> **WHAT TO WORK ON**:
Quote all lines below exactly. Images stay out.

> **EXERCISE DATA**:
((

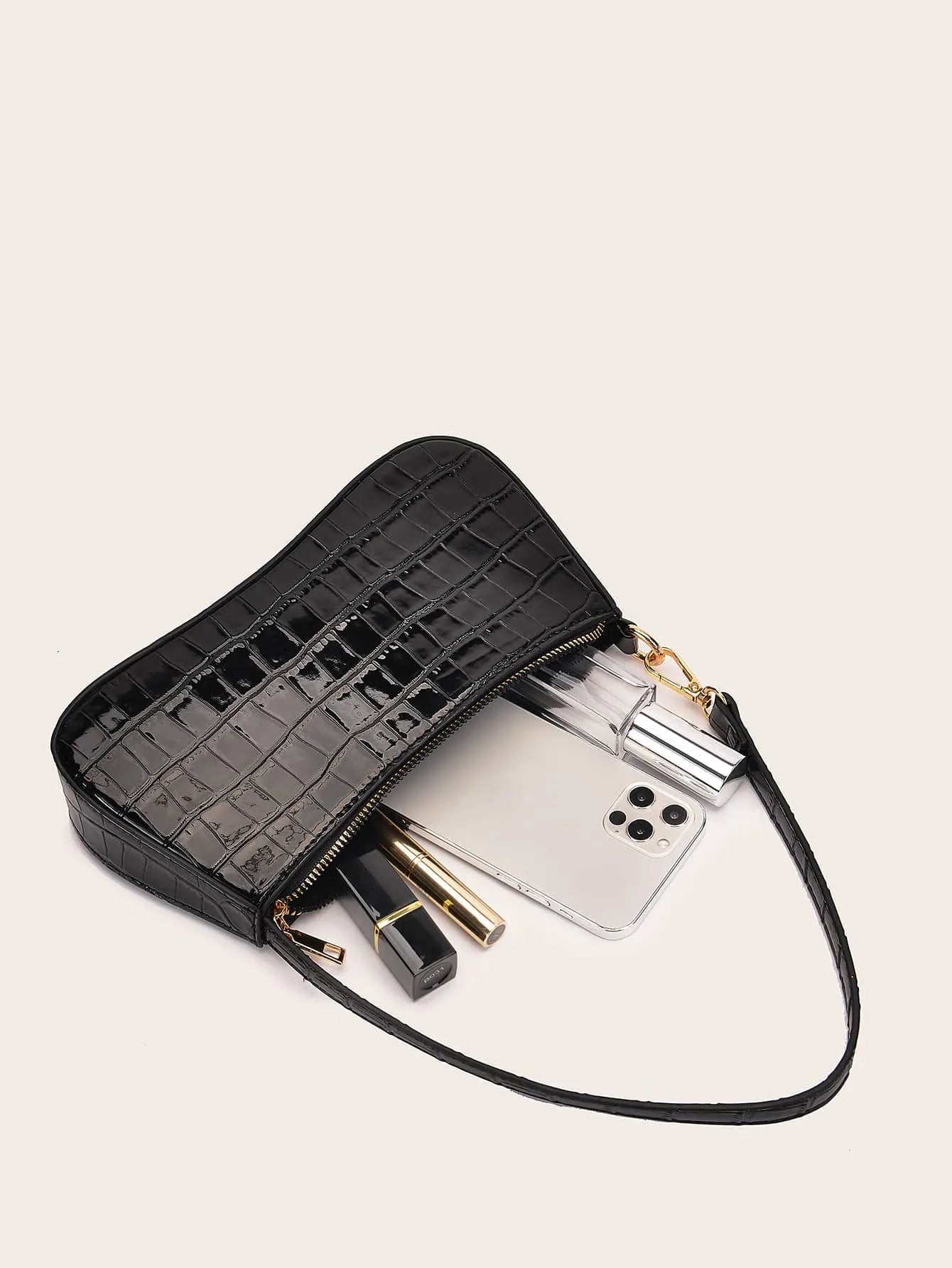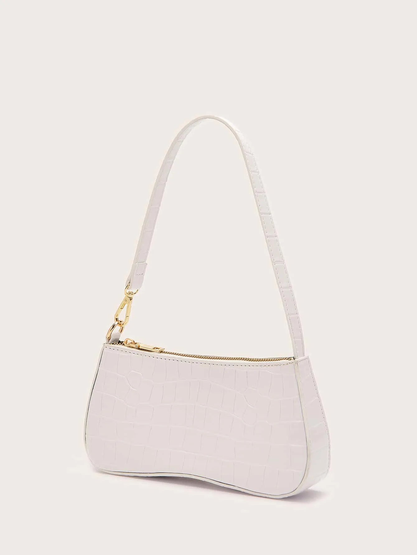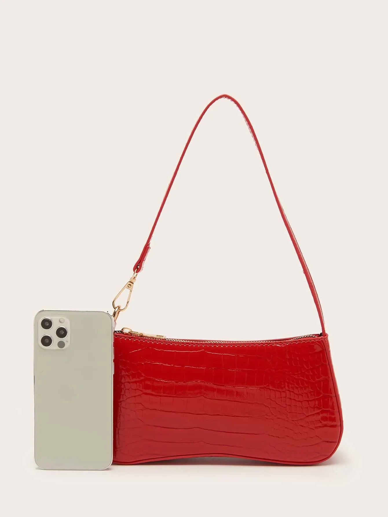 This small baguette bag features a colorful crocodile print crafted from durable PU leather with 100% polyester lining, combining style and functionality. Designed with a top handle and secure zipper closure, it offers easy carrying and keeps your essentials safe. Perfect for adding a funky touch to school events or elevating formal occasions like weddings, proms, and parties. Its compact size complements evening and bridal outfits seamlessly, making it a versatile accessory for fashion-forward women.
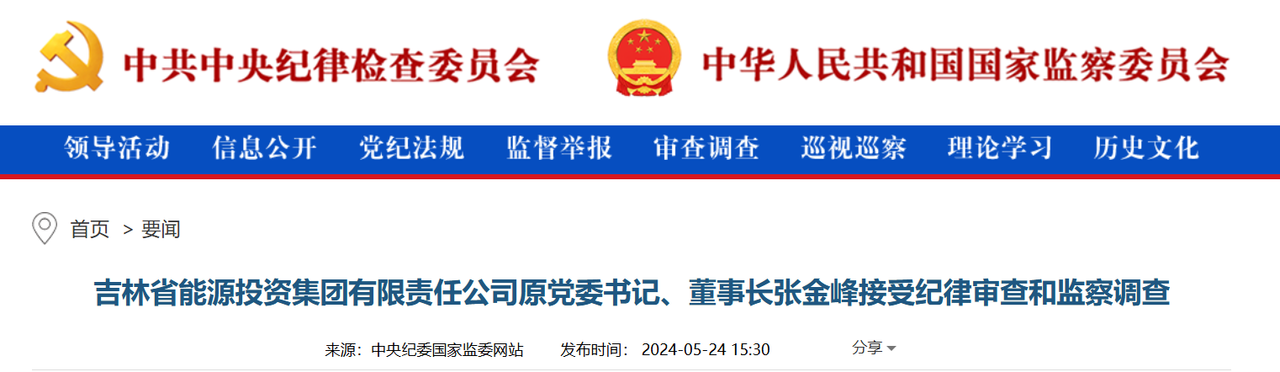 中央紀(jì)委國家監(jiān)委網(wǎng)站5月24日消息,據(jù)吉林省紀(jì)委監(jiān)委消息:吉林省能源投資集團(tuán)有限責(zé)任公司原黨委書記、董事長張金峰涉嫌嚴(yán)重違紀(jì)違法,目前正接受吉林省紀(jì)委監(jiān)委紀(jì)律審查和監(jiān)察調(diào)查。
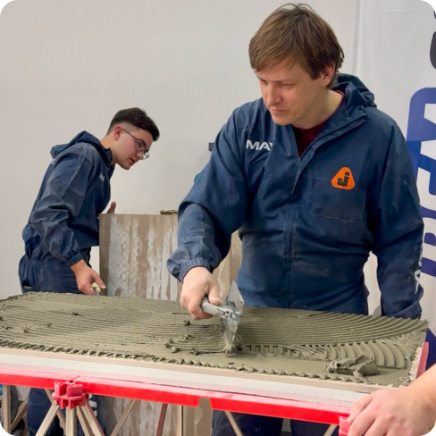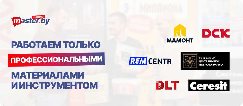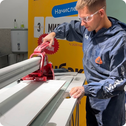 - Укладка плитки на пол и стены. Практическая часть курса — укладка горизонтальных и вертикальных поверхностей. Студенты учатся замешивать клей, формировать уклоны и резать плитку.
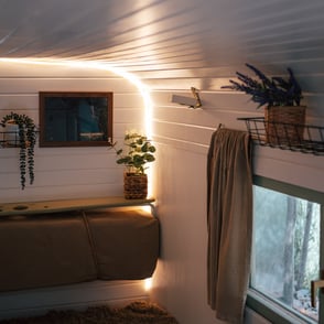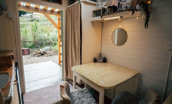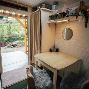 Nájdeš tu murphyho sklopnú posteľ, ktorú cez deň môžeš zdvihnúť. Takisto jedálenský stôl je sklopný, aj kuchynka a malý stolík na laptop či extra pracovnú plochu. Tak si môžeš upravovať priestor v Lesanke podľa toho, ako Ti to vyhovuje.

))

> **WRITTEN SOLUTION**:
 This small baguette bag features a colorful crocodile print crafted from durable PU leather with 100% polyester lining, combining style and functionality. Designed with a top handle and secure zipper closure, it offers easy carrying and keeps your essentials safe. Perfect for adding a funky touch to school events or elevating formal occasions like weddings, proms, and parties. Its compact size complements evening and bridal outfits seamlessly, making it a versatile accessory for fashion-forward women.
 中央紀(jì)委國家監(jiān)委網(wǎng)站5月24日消息,據(jù)吉林省紀(jì)委監(jiān)委消息:吉林省能源投資集團(tuán)有限責(zé)任公司原黨委書記、董事長張金峰涉嫌嚴(yán)重違紀(jì)違法,目前正接受吉林省紀(jì)委監(jiān)委紀(jì)律審查和監(jiān)察調(diào)查。
 - Укладка плитки на пол и стены. Практическая часть курса — укладка горизонтальных и вертикальных поверхностей. Студенты учатся замешивать клей, формировать уклоны и резать плитку.
 Nájdeš tu murphyho sklopnú posteľ, ktorú cez deň môžeš zdvihnúť. Takisto jedálenský stôl je sklopný, aj kuchynka a malý stolík na laptop či extra pracovnú plochu. Tak si môžeš upravovať priestor v Lesanke podľa toho, ako Ti to vyhovuje.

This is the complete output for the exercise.